Весь первый год она думала, что сойдет с ума. Залезала с ногами в кресло. Пила обжигающий кофе. Не помогали ни веселые глаза Эрке, ни синие омуты певуньи Кайсы. В свете лампы белый пар над кружкой походил на привидение. Так рвалась и собиралась улететь на солнечную родину душа. И все никак не могла убежать. Душа зацеплялась за Петри. Он был рядом. Все время рядом. Большой, бородатый. Волосы росли даже на шее под затылком и мохнатой полоской с проседью спускались на спину. У него были совершенно вездесущие волосы. И такие теплые глаза. Зеленые, как озерная вода. Теплые, как лучи солнца. Которого нет.

Он шептал ей тихим голосом:

— Хочешь — уедем к тебе?

— А ты хочешь? — спрашивала она его, утыкаясь носом куда-то под подбородок, в густые дебри его бороды.

— Я нет, — мягко говорил он ей, нежно дуя на макушку. — Это моя родина…

За бесконечно долгие пятьдесят и один день Каамоса Мануэлла приняла решение.


* * *


Быстро мелькают маленькие пальцы. Вытянутые розовые подушечки, коротко обрезаны ногти. Когда все время возишься с землей — не до них. Только прозрачный лак, чтобы не было видно, если он сковырнется случайно. Только тоненькая полосочка белого.

— Как месяц новорожденный, — ласково шепчет по вечерам Петри, целуя ее пальцы.

Один за другим.
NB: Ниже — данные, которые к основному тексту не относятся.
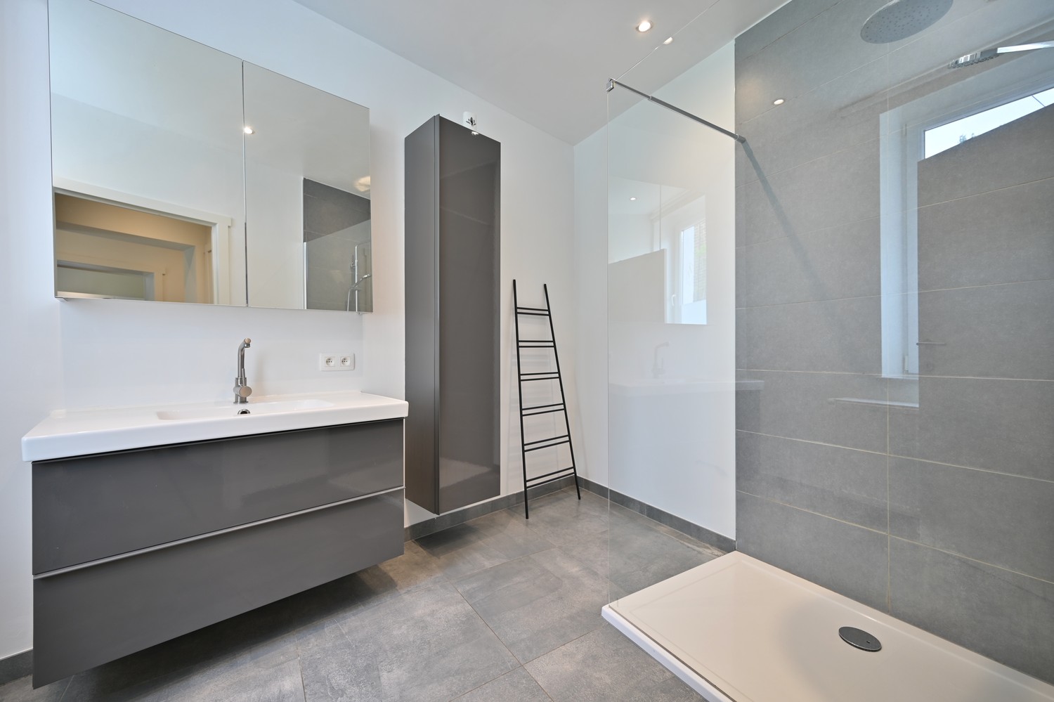- Moderne badkamer met glazen inloopdouche en wastafelmeubel

Нежно, тепло. Не забывая и не пропуская ни одного. Мягкое прикосновение губ и жесткое подстриженной щетки усов. За окном темно. Всегда теперь темно. Ровно пятьдесят один день. А потом можно будет ловить медленно нарастающие минуты сероватого неуверенного в себе света. Пока же — темно. Только всполохи зеленого через все небо. Когда-то это удивляло. Сейчас лишь помогает верить, что мир стоит, еще не растворился во тьме. И когда-нибудь свет придет обратно.

Рядом спит огромный черный василиск, его дыхание ходит по верхушкам елей, оставляет серебряный след на кончиках веток. Но дышит всполохами небо. Тьма не навечно. В этой тьме дико видеть полуреальный, невозможный стеклянный купол света. Как будто теплая звезда упала на снег. Холодные равнодушные планеты отражаются в толстых стеклах, освещенных изнутри. Местные жители долго не могли привыкнуть к столь странной картине. Яркое, напоенное желтым светом пятно бросало вызов полярной Тьме. Не соперничало с звездами, но побеждало их. Потому что его свет был по-настоящему теплым.


* * *


Весной началось строительство у них во дворе. Стеклянная крыша, двойной утепленный пол, толстые надежные стены. Из стекла же. Пришлось заказывать специальное, не пропускающее холод. Особо прочное… Тройное остекление, хорошая теплоизоляция, центральное отопление, а в одном из углов теплицы — даже пол с подогревом. И свет. Много света. «Солярий себе делаешь», — шутили местные. А она боялась заглядывать в счета. Иногда только вскидывала почти черные, пропитанные до краев солнцем темно-карие глаза. И ее встречало тревожное, осунувшееся лицо мужа. Уставшее. Глаза покраснели. В уголках губ залегли морщинки. Она тихо улыбалась ему и старалась не думать. Ни о цене, ни об успехе столь сомнительного мероприятия.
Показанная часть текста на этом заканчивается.